Mencionou o Jean-Luc Godard. Quando foi a última vez que falou com ele?

Não foi há muito tempo. Talvez há uns cinco, seis anos. Trabalhámos juntos diversas vezes. E quando fiquei encarregue da escolha de cinema, a Femis, da qual fui fundador e diretor durante dez anos, ele pediu-me se poderia ter um local em Paris para fazer montagem. Encontrámos um local para ele, mas na condição de vir de vez em quando encontrar-se com os estudantes e mostrar-lhes no que estava a trabalhar. Ele acabou por vir uma vez, mas como foi tão rude com os alunos decidiu nunca mais vir. Mas temos sido amigos durante muito tempo. Só que ele tem estado doente. E a verdade é que não falo com ele há cinco, seis anos.

Acha que nunca altura em que a Europa está tão dividida, que o cinema pode ser uma forma de comunhão, de aproximar as pessoas?

Desde o tempo dos romanos, pode dizer-me um período em que a Europa esteve unida?

É verdade…

Desde a Pax Romana… A Europa está dividida por definição. Mas acredito que é esta divisão que faz a Europa. A ideia de uma Europa com a mesma língua, moeda ou comida é algo absurdo. A verdade é que durante o império romano, eles aceitavam todos os deuses, qualquer religião, todas as comidas, todos os novos costumes. Tudo era bem-vindo, desde que aceitassem a Lei Romana. Dois séculos mais tarde, o Imperador Teodósio decidiu que todos os habitantes do Império teriam de ser cristãos, Em 30-40 anos, o império foi arruinado.
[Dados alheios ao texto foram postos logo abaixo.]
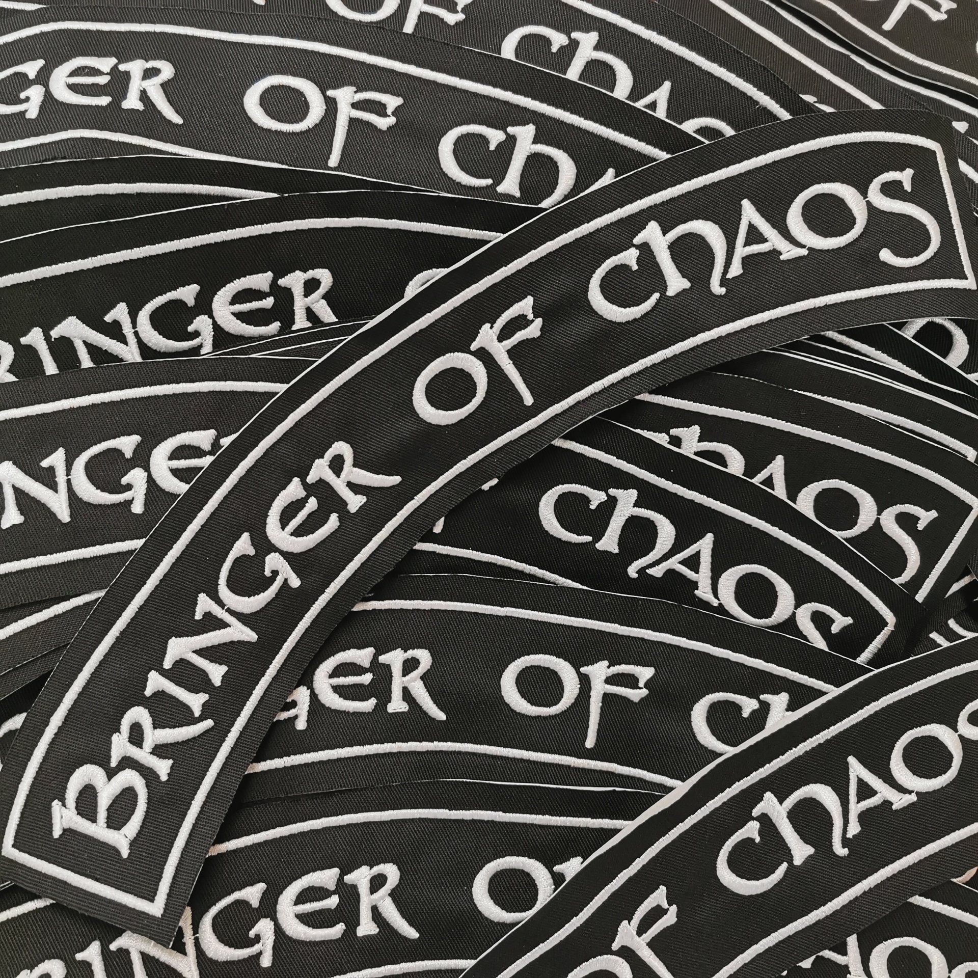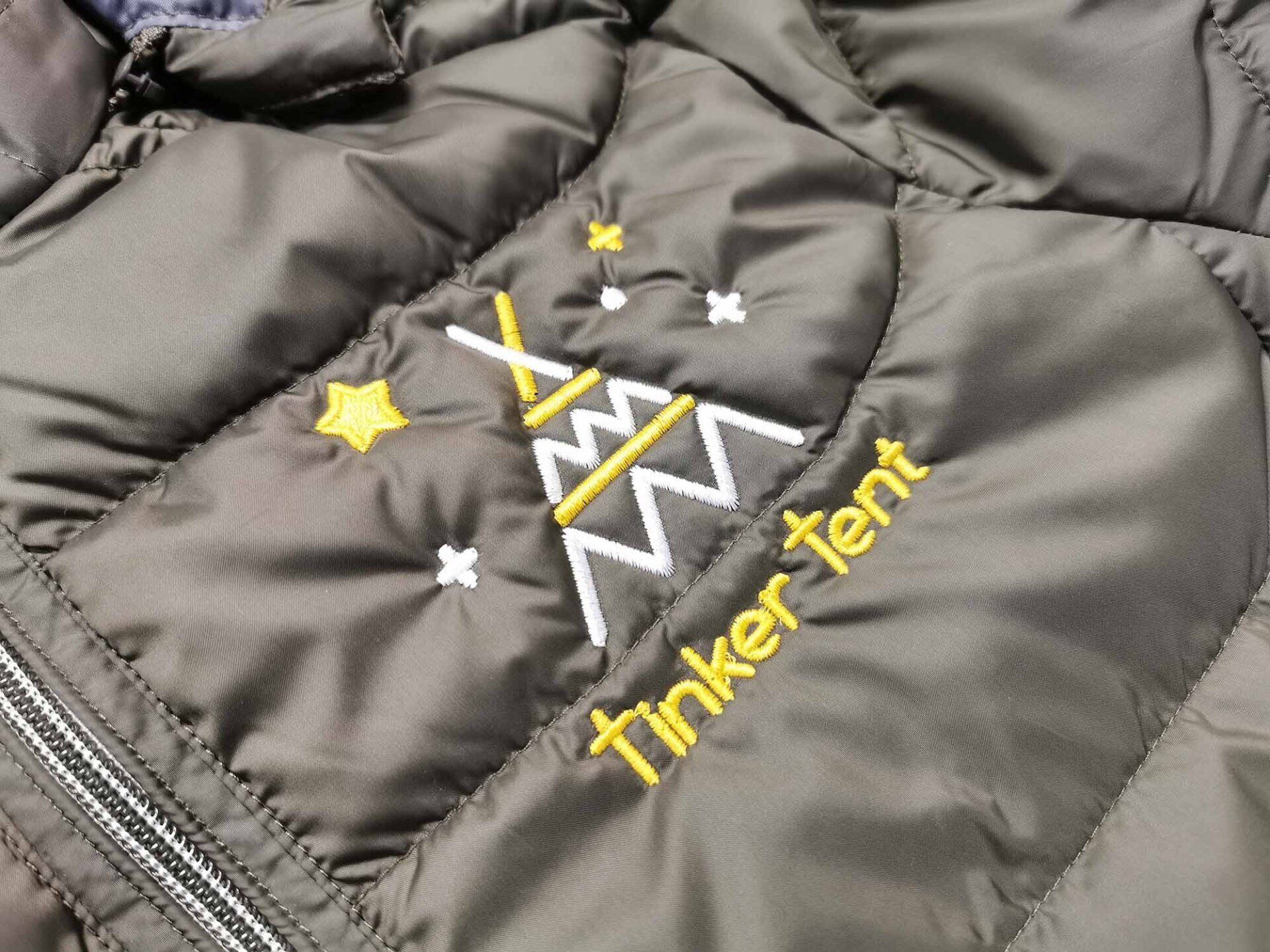 multiple thread colours, from small logos to large logos and larger writing across the back - such as contact details.

Ou seja, é a diversidade que faz a uniformização e não o contrário. Se cada um puder ser quem é acaba por trabalhar melhor.

Há dez anos atras, Manoel de Oliveira fez Belle Toujours. Gostaria de saber se o Manoel teve algum contacto consigo ou com Buñuel antes de avançar com essa sua versão…

Sim, teve. Foi muito divertido. Convidou-me para um almoço para me pedir autorização para fazer um filme inspirado em Belle de Jour. Claro que lhe disse que era totalmente livre de fazer o que desejasse, mesmo usar o título. Lembro-me que foi um almoço muito divertido. O homem era adorável. Ele tinha 100 anos nessa altura, ou 99. Mas estava na posse plena das suas capacidades.

Apesar de ter já recebido diversos prémios, o que significa para si este prémio no seio do cinema europeu?

Eu acredito muito no cinema europeu. Sou muito europeu, mas não nacionalista. Mas acho que a cultura, e o cinema faz parte da cultura, pode assemelhar-se a algo como a economia ou mesmo a política. É como um povo que não partilha a sua cultura terá mais dificuldades em desenvolver-se. Mesmo que tenha a mesa bandeira política. Não sou particularmente amador de prémios ou condecorações, mas este prémio toca-me particularmente. E ainda bem que é na Polónia, num país onde trabalhei com o Wajda, mesmo num período muito difícil, nos anos 80. Mas fico muito orgulhoso com as mudanças que vemos hoje.